Scavenging methods - Cross-flow scavenging, loop scavenging,
& uniflow scavenging
Internal combustion engine procedure
A basic part of the cycle of an internal combustion engine is the supply of fresh air and removal of exhaust gases. This is the gas exchange process. Scavenging is the removal of exhaust gases by blowing in fresh air. Charging is the filling of the engine cylinder with a supply or charge of fresh air ready for compression. With supercharging a large mass of air is supplied to the cylinder by blowing it in under pressure.
Efficient scavenging is essential to ensure a sufficient supply of fresh air for combustion. In the four-stroke cycle engine there is an adequate overlap between the air inlet valve opening and the exhaust valve closing. With two-stroke cycle engines this overlap is limited and some slight mixing of exhaust gases and incoming air does occur.
A number of different scavenging methods are in use in slow-speed two-stroke engines. In each the fresh air enters as the inlet port is opened by the downward movement of the piston and continues until the port is closed by the upward moving piston. The flow path of the scavenge air is decided by the engine port shape and design and the exhaust arrangements.
Three basic systems are in use: the cross flow, the loop and the uniflow. All modern slow-speed diesel engines now use the uniflow scavenging system with a cylinder-head exhaust valve.
In cross scavenging the incoming air is directed upwards, pushing the exhaust gases before it. The exhaust gases then travel down and out of the exhaust ports. Figure above illustrates the process.
In loop scavenging the incoming air passes over the piston crown then rises towards the cylinder head.
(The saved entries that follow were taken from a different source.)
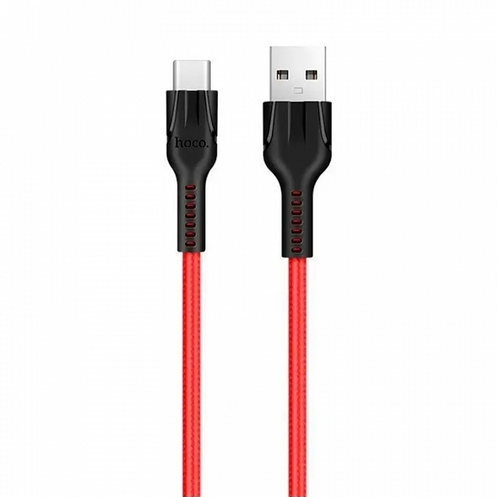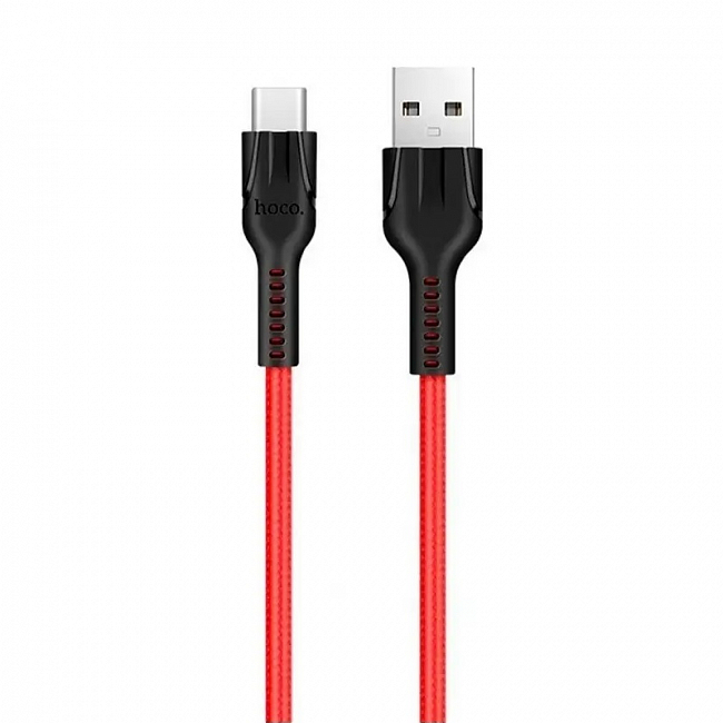 hoco U31 USB вилка - Type-C вилка, 3A, нейлон, красный, 1м
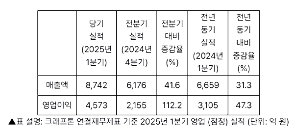 크래프톤은 한국채택국제회계기준(K-IFRS)을 적용한 연결 재무제표를 기준으로 2025년 1분기 ▲매출액 8742억원 ▲영업이익 4573억원을 기록하며 역대 최대의 분기 실적을 달성했다.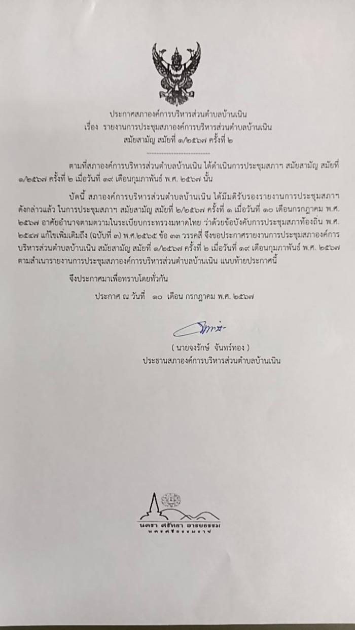 ประชาสัมพันธ์รายงานการประชุมสภา อบต.บ้านเนิน สมัยสามัญ สมัยที่ 1/2567 ครั้งที่ 2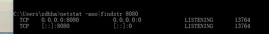netstat -ano|findstr 8080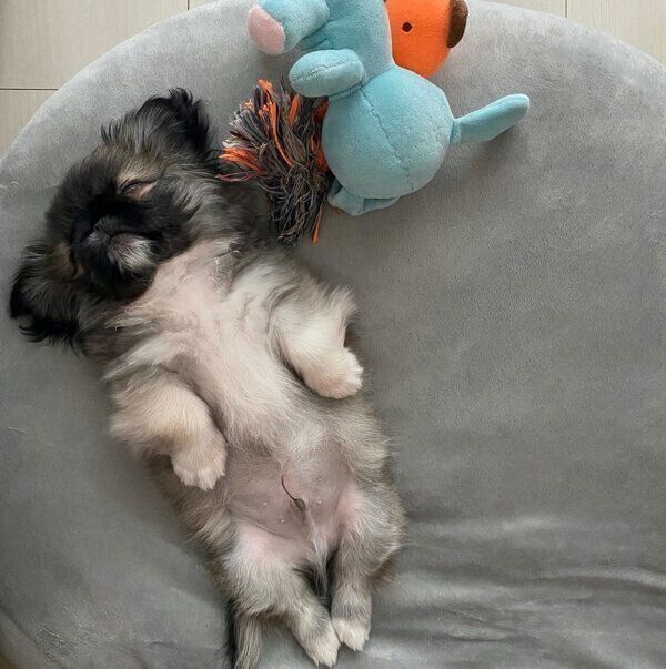 @mobb_pekingeseさんの愛犬・モブくん(取材当時2才)。飼い主さんがお風呂に入っていると、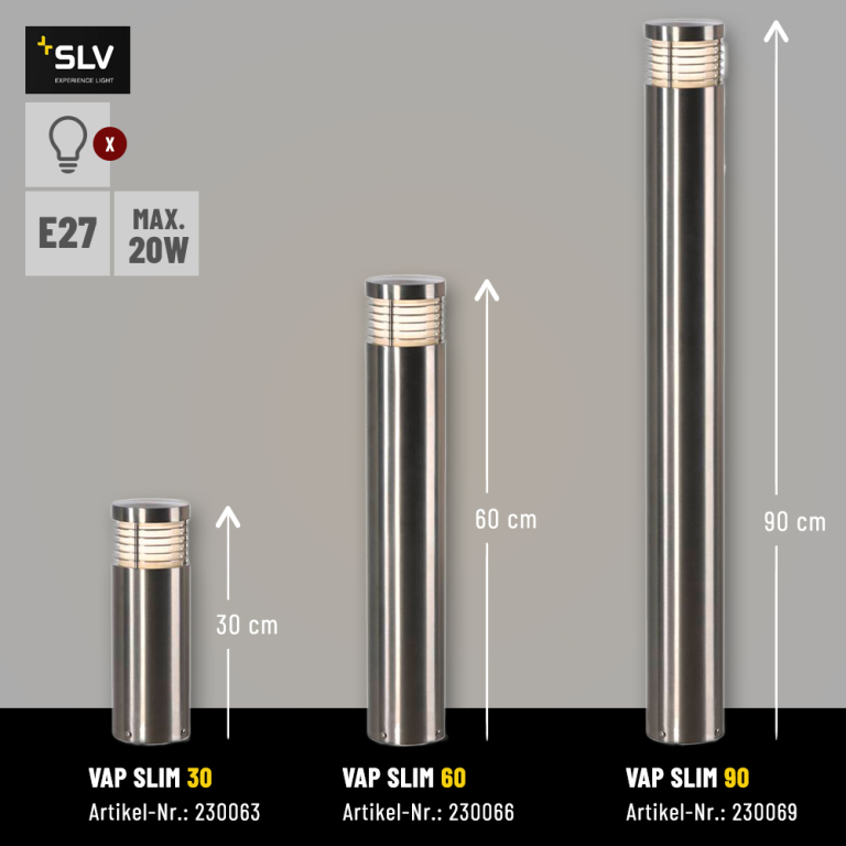 SLV 230066 VAP SLIM 60 Außen Stehleuchte rund Edelstahl 304 E27 IP44 Höhe 60cm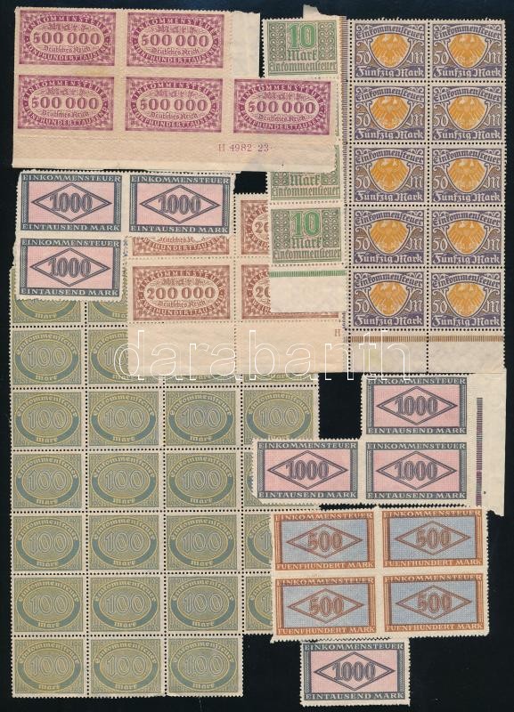 Leírás: Német jövedelemadó bélyegek nagyrészt ívdarabokban, ömlesztve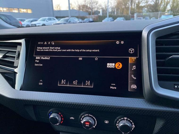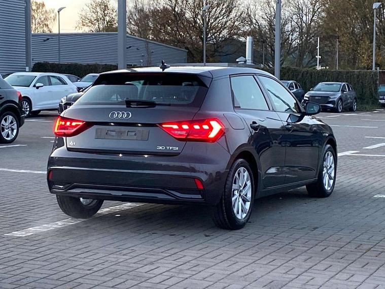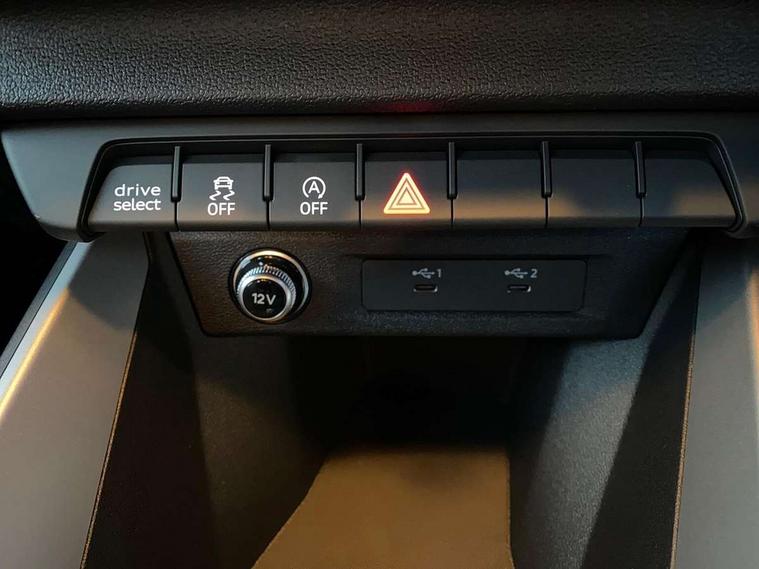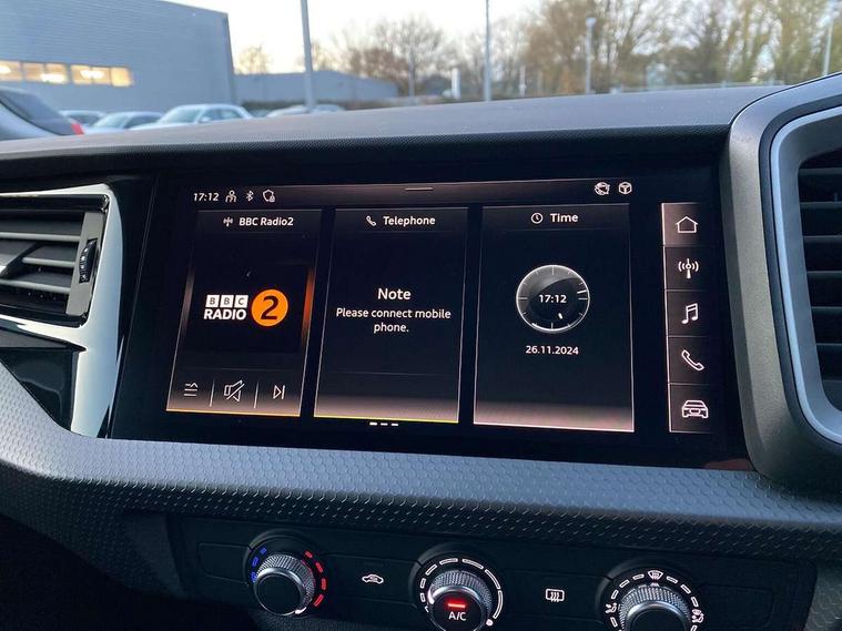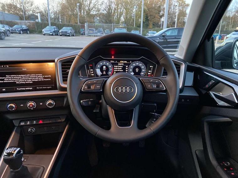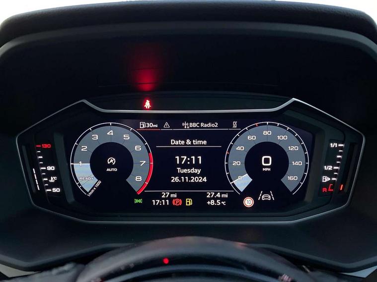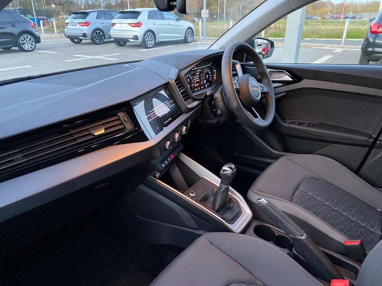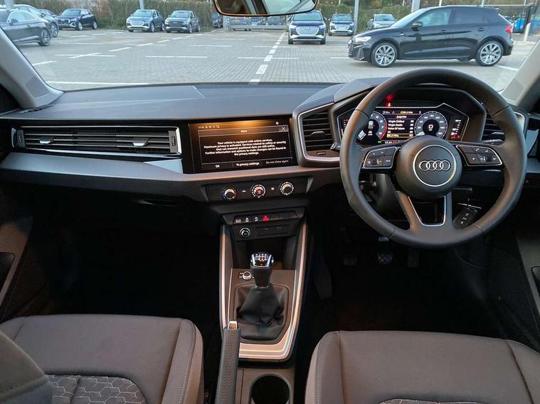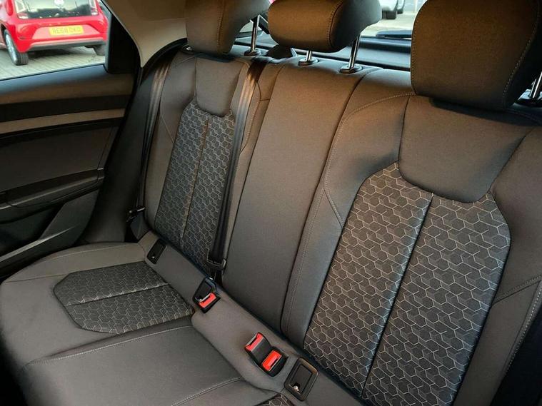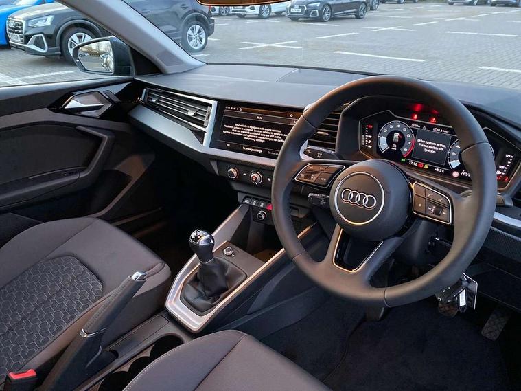 10.25" Digital instrument cluster display screen, Audi connect safety emergency and service including E-call, Audi drive select, Audi smartphone interface, Automatic start/stop system, Bluetooth interface, Driver's information system, Electromechanical power steering, Lane departure warning system, Service interval indicator, Speed limiter, Voice control system, Washer fluid level indicator, Dynamic suspension, 1 x SDXC card reader, 1 x USB type C and 1 USB type A charging points, Audi music interface, Bluetooth audio streaming, DAB Digital radio, MMI radio plus with 8.8" colour MMI display screen and MMI touch, Adaptive brake lights, Auto dimming rear view mirror, Body coloured bumpers, Body coloured door mirrors, Electric front and rear windows, Front side air inlets in grained matt black and C frame in titanium black, Heat insulating glass windscreen and side windows, Heated rear windscreen, LED headlights with LED rear lights + dynamic rear indicators, Radiator grille in matt titanium black, Radiator protective grille frame in matt aluminium silver, Rain and light sensors, Rear fog lights, Rear wiper, Side front spoiler lips in grained matt black, Titanium black matt diffuser, 12V socket in centre console with two cup holders, 3 rear seats, Door sills trims with aluminium inlays, Driver and passenger seat with manual height adjust with forward and backwards adjustment, Front head restraints, Front/rear floor mats, Height and reach adjustable steering wheel, Illuminated glovebox, ISOFIX child seat mounting in front passenger and rear outer seats, Leather gear knob with aluminium trim, Leatherette handbrake grip, Luggage compartment light with front and rear reading lights, Lumbar adjustment for front seats, Novum cloth upholstery with front sport seats, Rear head restraints, Split folding rear seats, Titanium grey cloth headlining, 3x3 point rear seatbelts, Audi pre-sense front with pedestrain and cyclist recognition, Brake assist function, Driver and front passenger airbag with front side and head airbags, Electronic Stability Control including ABS, EBD, ASR and EDL, Front and rear seatbelt reminder, Front passenger airbag deactivation switch, Hill hold assist, Seatbelt height adjustment for front seats, Seatbelt monitoring, Tyre pressure warning light, Warning triangle and first aid kit, Anti theft alarm, Anti theft wheel bolts and loose wheel warning, Immobiliser, Remote central locking with 2 remote folding keys, Aluminium trim for control switches, air vents and digital instrument cluster, Silver grey accent areas including air vents, door handle recesses and centre console in diamond paint finish, Slate grey inlays polygon structure in fine paint finish,
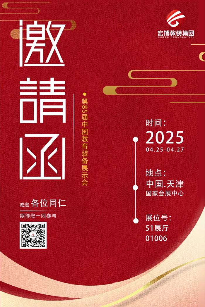 第85届中国教育装备展示会即将在天津国家会展中心盛大开幕。作为中国教育装备行业协会理事单位,宏博教装集团诚邀您莅临S1展厅01006展位,共同见证教育装备智能化变革的最新成果。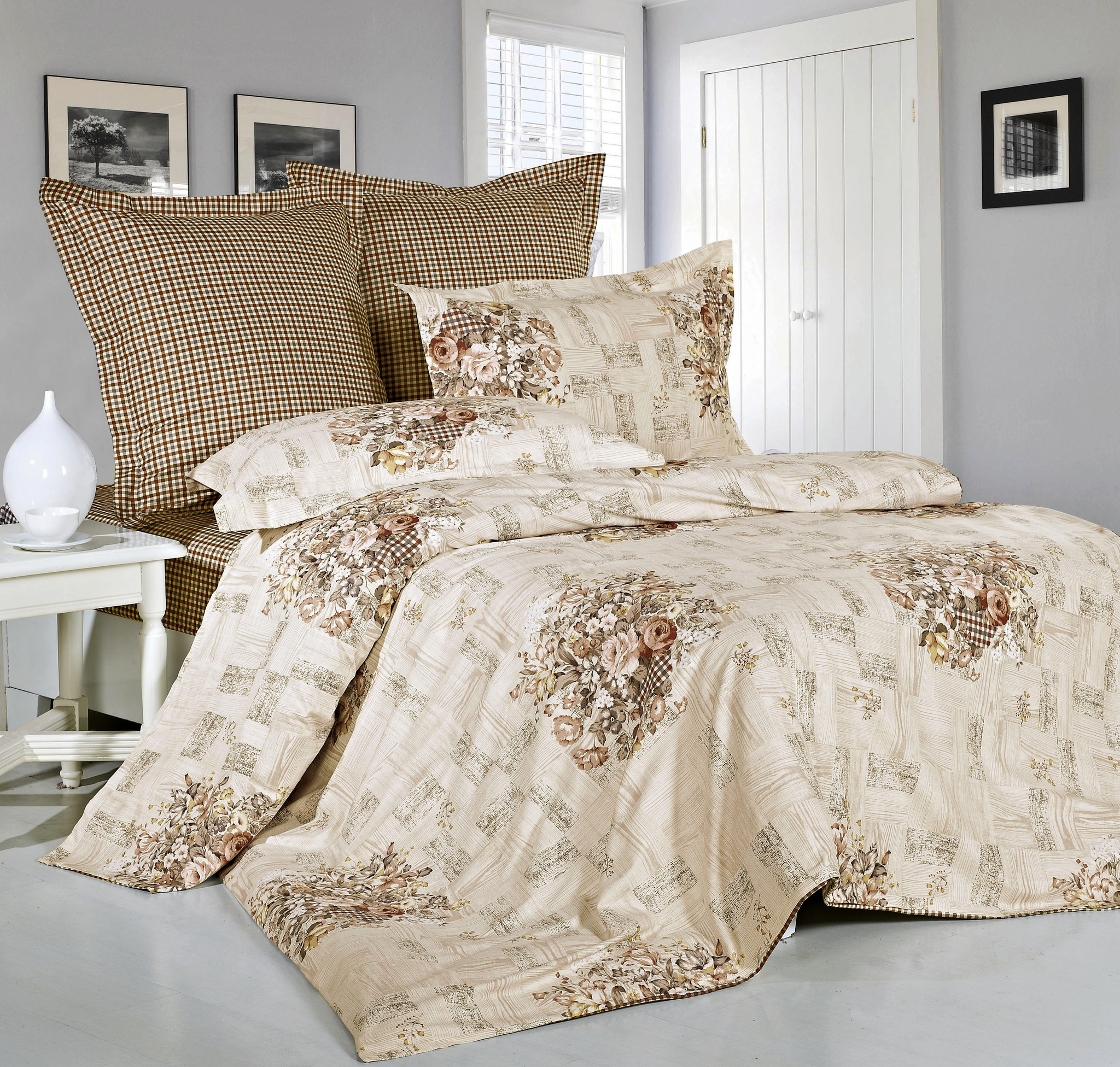 - Евро (пододеяльник 200х220 1шт, простыня 230х250 1шт, наволочка 50х70 2шт, 70х70 2шт)

The exhaust gases are forced before the air passing down and out of exhaust ports located just above the inlet ports. The process is shown in Figure below.
With uniflow scavenging the incoming air enters at the lower end of the cylinder and leaves at the top. The outlet at the top of the cylinder may be ports or a large valve. The process is shown here.
Fig: Uniflow scavenging
Each of the systems has various advantages and disadvantages. Cross scavenging requires the fitting of a piston skirt to prevent air or exhaust gas escape when the piston is at the top of the stroke. Loop scavenge arrangements have low temperature air and high temperature exhaust gas passing through adjacent ports, causing temperature differential problems for the liner material. Uniflow is the most efficient scavenging system but requires either an opposed piston arrangement or an exhaust valve in the cylinder head. All three systems have the ports angled to swirl the incoming air and direct it in the appropriate path.